EXERCISE BRIEF:
Output every entry below exactly, without its pictures.

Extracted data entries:

[Start of Attachment]

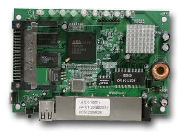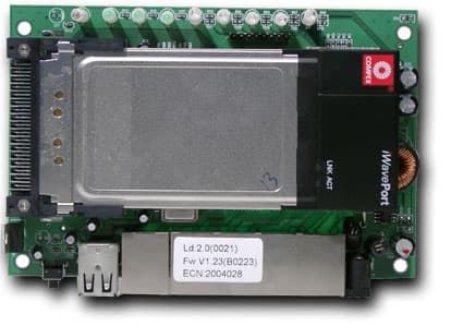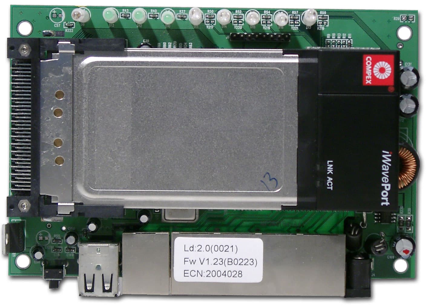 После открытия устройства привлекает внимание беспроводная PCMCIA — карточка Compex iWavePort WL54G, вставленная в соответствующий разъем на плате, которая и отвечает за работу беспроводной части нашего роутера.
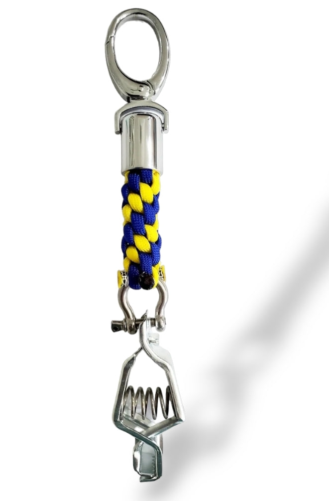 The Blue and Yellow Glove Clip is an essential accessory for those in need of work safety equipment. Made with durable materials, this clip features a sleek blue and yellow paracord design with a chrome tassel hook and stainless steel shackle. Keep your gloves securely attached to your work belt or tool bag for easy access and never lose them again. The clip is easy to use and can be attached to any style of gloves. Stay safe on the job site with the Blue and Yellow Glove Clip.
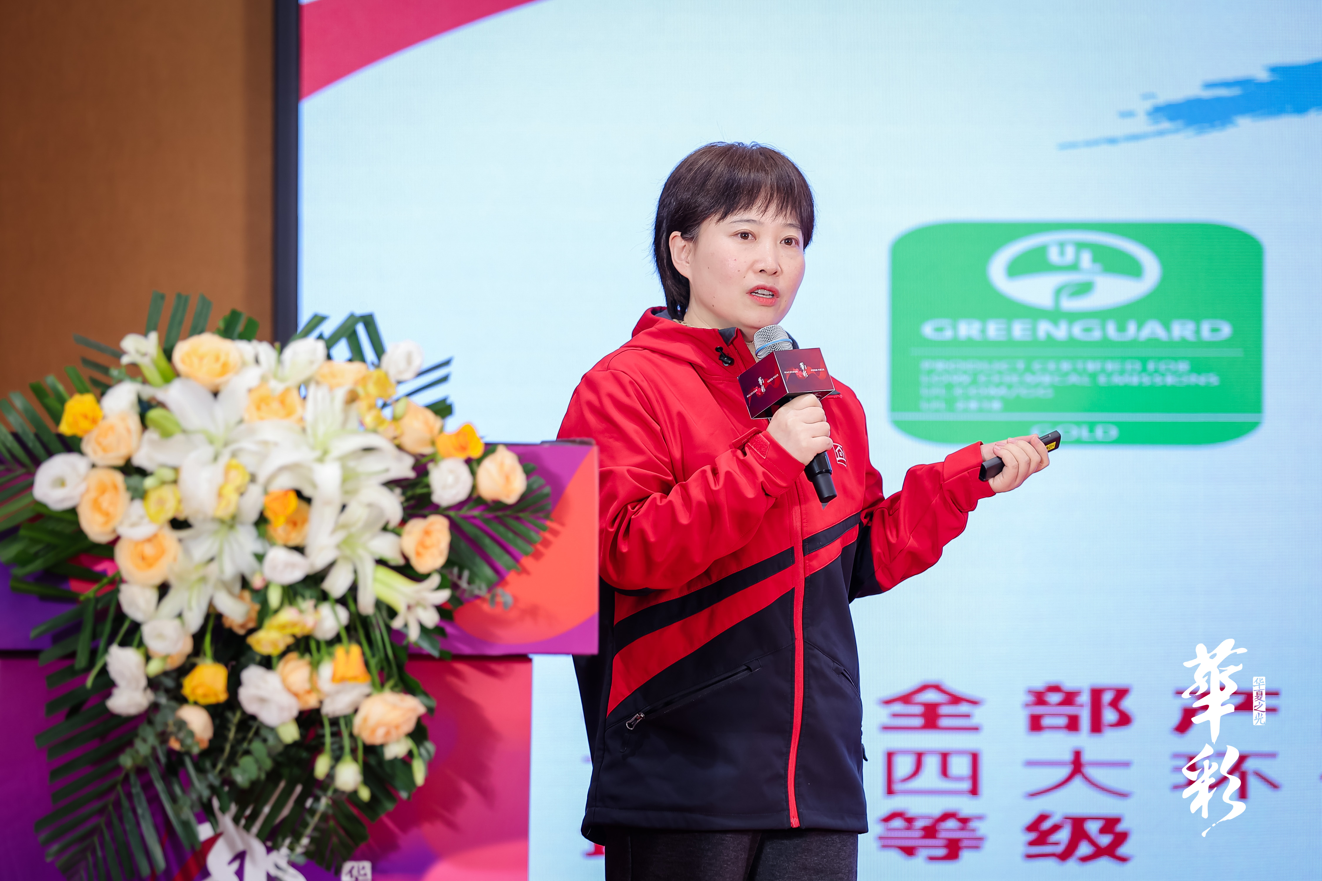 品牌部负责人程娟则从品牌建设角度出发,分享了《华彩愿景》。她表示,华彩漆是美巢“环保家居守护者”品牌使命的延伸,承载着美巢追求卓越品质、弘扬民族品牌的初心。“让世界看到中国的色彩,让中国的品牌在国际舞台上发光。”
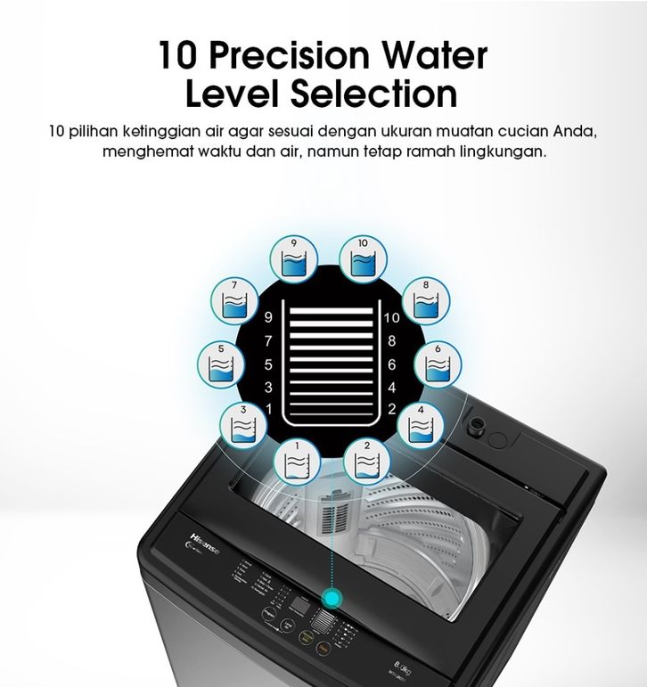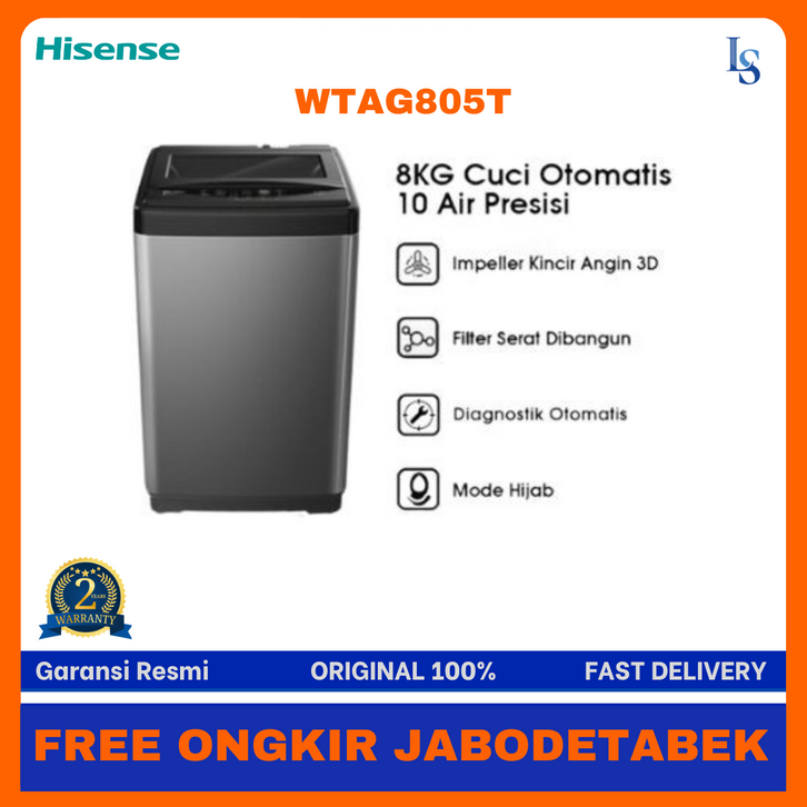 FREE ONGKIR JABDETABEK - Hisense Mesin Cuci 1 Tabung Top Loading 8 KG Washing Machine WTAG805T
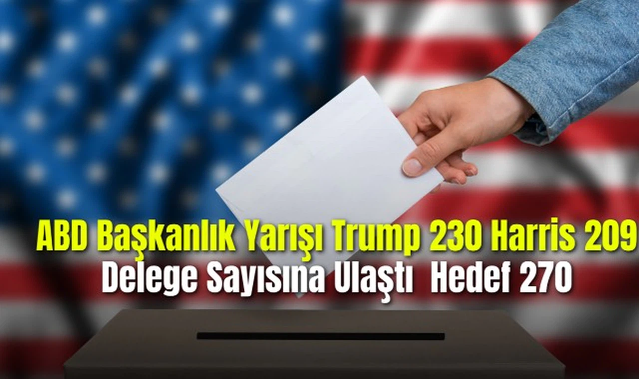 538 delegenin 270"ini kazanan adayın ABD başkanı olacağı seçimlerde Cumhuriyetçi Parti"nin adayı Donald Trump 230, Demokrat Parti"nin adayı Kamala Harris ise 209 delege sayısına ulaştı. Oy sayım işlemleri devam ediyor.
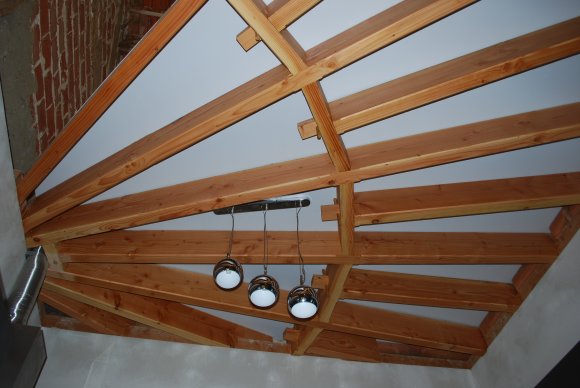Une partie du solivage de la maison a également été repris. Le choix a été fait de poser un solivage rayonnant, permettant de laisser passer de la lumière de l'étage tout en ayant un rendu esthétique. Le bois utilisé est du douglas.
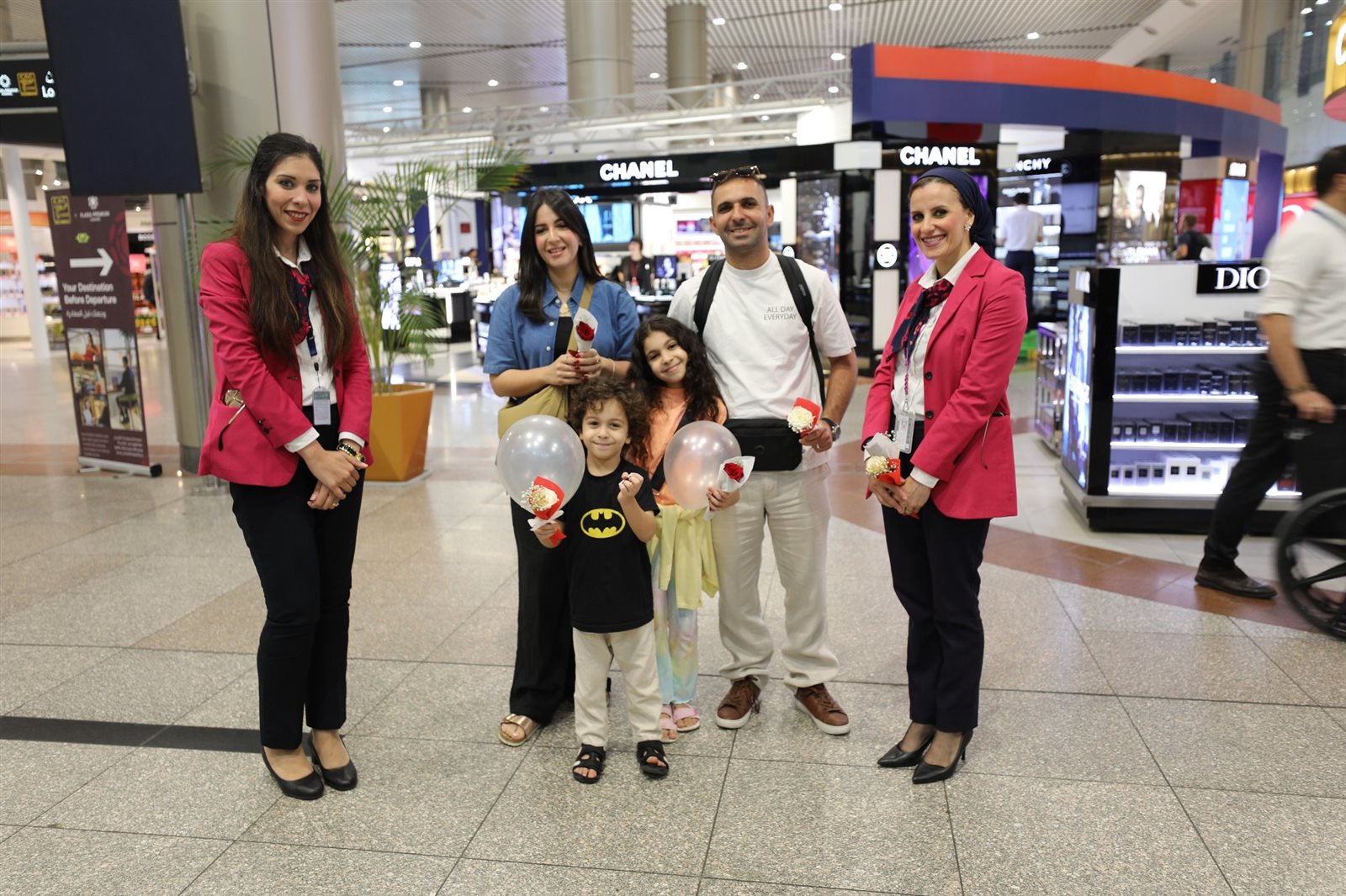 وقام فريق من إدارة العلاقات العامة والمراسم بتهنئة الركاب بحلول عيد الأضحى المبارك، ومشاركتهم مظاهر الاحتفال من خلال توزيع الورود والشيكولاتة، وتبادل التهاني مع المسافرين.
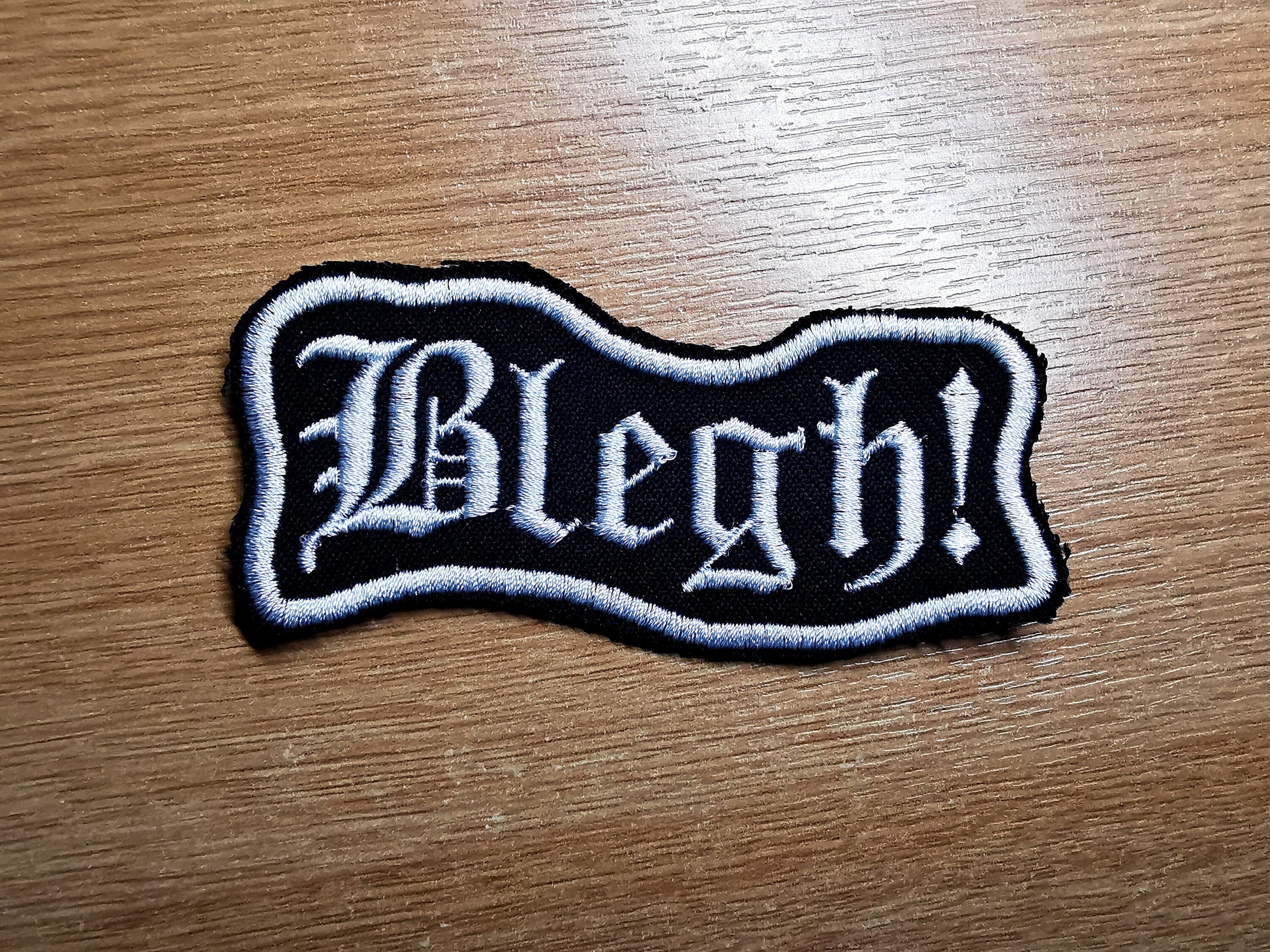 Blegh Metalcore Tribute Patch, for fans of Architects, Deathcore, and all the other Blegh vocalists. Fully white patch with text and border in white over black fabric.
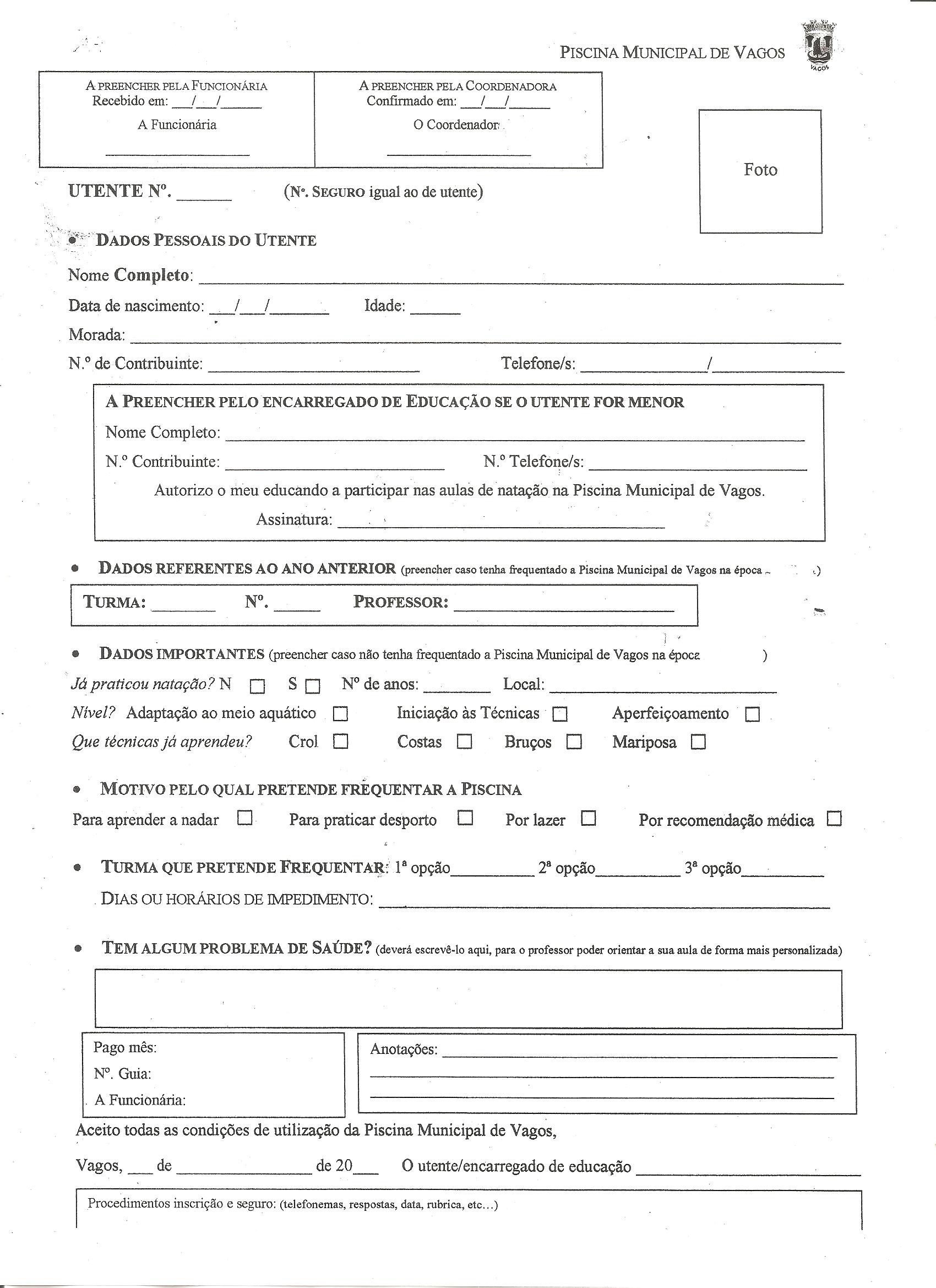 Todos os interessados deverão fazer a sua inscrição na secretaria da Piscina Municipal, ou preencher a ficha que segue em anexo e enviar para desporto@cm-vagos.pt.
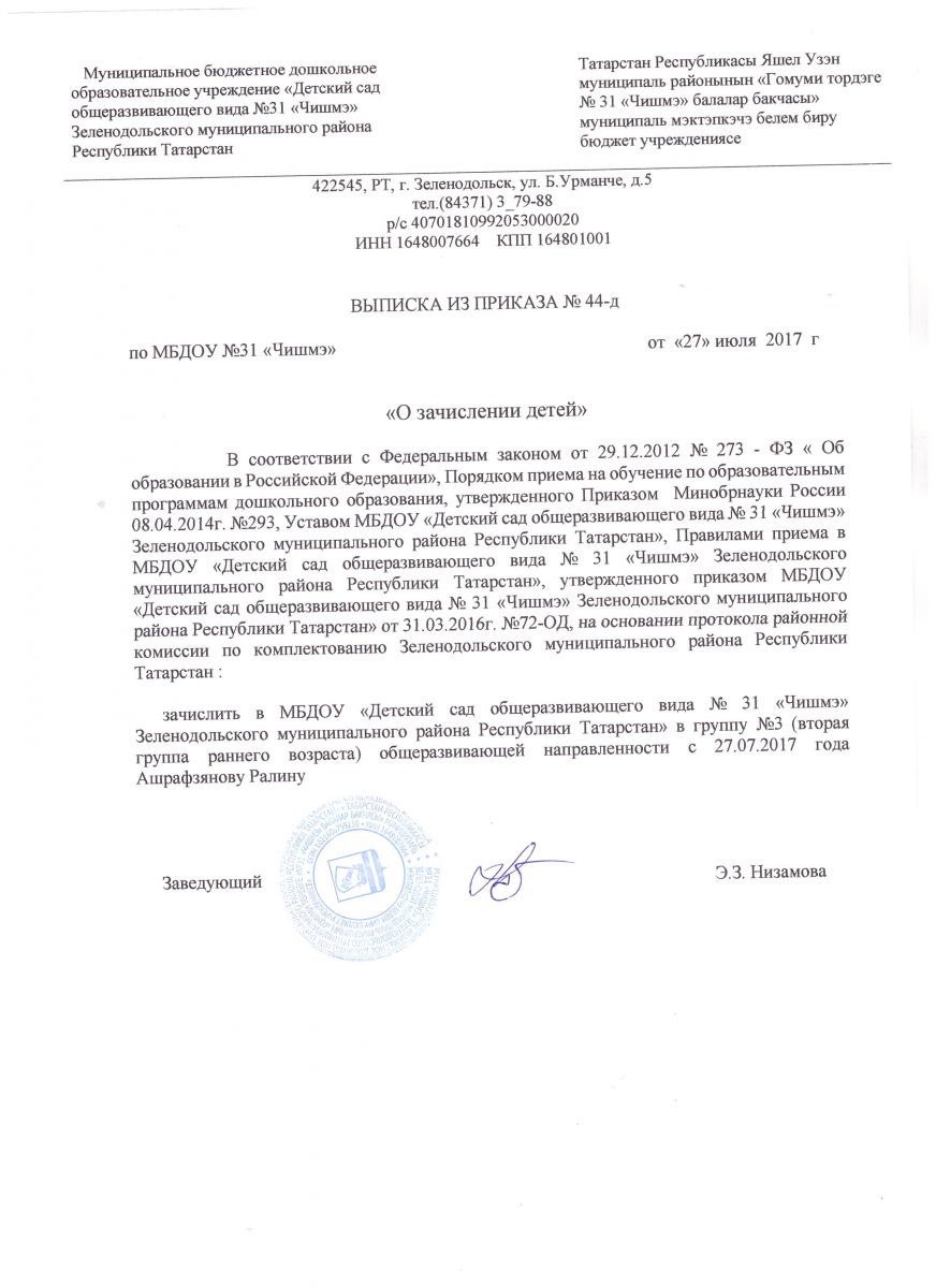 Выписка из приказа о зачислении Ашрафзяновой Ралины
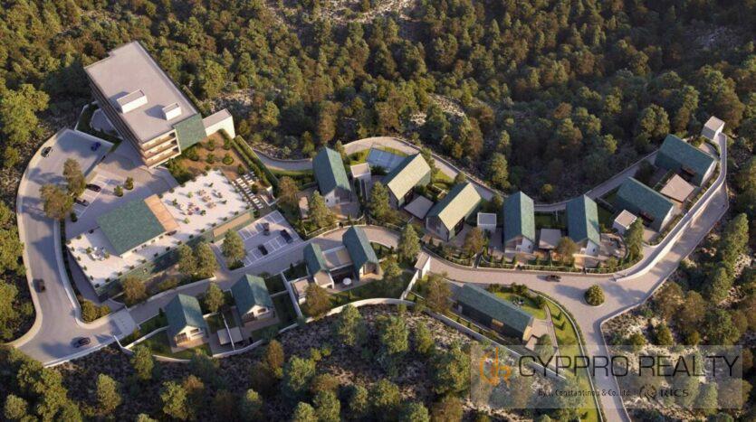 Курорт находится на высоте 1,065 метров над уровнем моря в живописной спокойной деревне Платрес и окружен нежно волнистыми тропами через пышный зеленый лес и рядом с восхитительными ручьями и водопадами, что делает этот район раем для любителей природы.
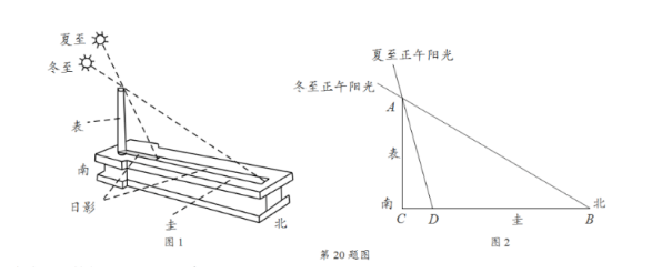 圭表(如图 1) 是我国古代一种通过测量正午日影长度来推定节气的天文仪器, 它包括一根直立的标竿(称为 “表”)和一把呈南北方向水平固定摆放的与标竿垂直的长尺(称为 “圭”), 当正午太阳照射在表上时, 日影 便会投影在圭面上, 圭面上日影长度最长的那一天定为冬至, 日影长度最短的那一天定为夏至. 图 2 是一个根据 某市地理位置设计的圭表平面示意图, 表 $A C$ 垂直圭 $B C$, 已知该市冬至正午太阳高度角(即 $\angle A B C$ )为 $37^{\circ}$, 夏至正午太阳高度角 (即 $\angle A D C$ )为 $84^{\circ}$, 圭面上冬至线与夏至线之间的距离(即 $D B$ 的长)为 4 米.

[End of Attachment]

ANSWER TO THIS TASK:
 После открытия устройства привлекает внимание беспроводная PCMCIA — карточка Compex iWavePort WL54G, вставленная в соответствующий разъем на плате, которая и отвечает за работу беспроводной части нашего роутера.
 The Blue and Yellow Glove Clip is an essential accessory for those in need of work safety equipment. Made with durable materials, this clip features a sleek blue and yellow paracord design with a chrome tassel hook and stainless steel shackle. Keep your gloves securely attached to your work belt or tool bag for easy access and never lose them again. The clip is easy to use and can be attached to any style of gloves. Stay safe on the job site with the Blue and Yellow Glove Clip.
 品牌部负责人程娟则从品牌建设角度出发,分享了《华彩愿景》。她表示,华彩漆是美巢“环保家居守护者”品牌使命的延伸,承载着美巢追求卓越品质、弘扬民族品牌的初心。“让世界看到中国的色彩,让中国的品牌在国际舞台上发光。”
 FREE ONGKIR JABDETABEK - Hisense Mesin Cuci 1 Tabung Top Loading 8 KG Washing Machine WTAG805T
 538 delegenin 270"ini kazanan adayın ABD başkanı olacağı seçimlerde Cumhuriyetçi Parti"nin adayı Donald Trump 230, Demokrat Parti"nin adayı Kamala Harris ise 209 delege sayısına ulaştı. Oy sayım işlemleri devam ediyor.
Une partie du solivage de la maison a également été repris. Le choix a été fait de poser un solivage rayonnant, permettant de laisser passer de la lumière de l'étage tout en ayant un rendu esthétique. Le bois utilisé est du douglas.
 وقام فريق من إدارة العلاقات العامة والمراسم بتهنئة الركاب بحلول عيد الأضحى المبارك، ومشاركتهم مظاهر الاحتفال من خلال توزيع الورود والشيكولاتة، وتبادل التهاني مع المسافرين.
 Blegh Metalcore Tribute Patch, for fans of Architects, Deathcore, and all the other Blegh vocalists. Fully white patch with text and border in white over black fabric.
 Todos os interessados deverão fazer a sua inscrição na secretaria da Piscina Municipal, ou preencher a ficha que segue em anexo e enviar para desporto@cm-vagos.pt.
 Выписка из приказа о зачислении Ашрафзяновой Ралины
 Курорт находится на высоте 1,065 метров над уровнем моря в живописной спокойной деревне Платрес и окружен нежно волнистыми тропами через пышный зеленый лес и рядом с восхитительными ручьями и водопадами, что делает этот район раем для любителей природы.
 圭表(如图 1) 是我国古代一种通过测量正午日影长度来推定节气的天文仪器, 它包括一根直立的标竿(称为 “表”)和一把呈南北方向水平固定摆放的与标竿垂直的长尺(称为 “圭”), 当正午太阳照射在表上时, 日影 便会投影在圭面上, 圭面上日影长度最长的那一天定为冬至, 日影长度最短的那一天定为夏至. 图 2 是一个根据 某市地理位置设计的圭表平面示意图, 表 $A C$ 垂直圭 $B C$, 已知该市冬至正午太阳高度角(即 $\angle A B C$ )为 $37^{\circ}$, 夏至正午太阳高度角 (即 $\angle A D C$ )为 $84^{\circ}$, 圭面上冬至线与夏至线之间的距离(即 $D B$ 的长)为 4 米.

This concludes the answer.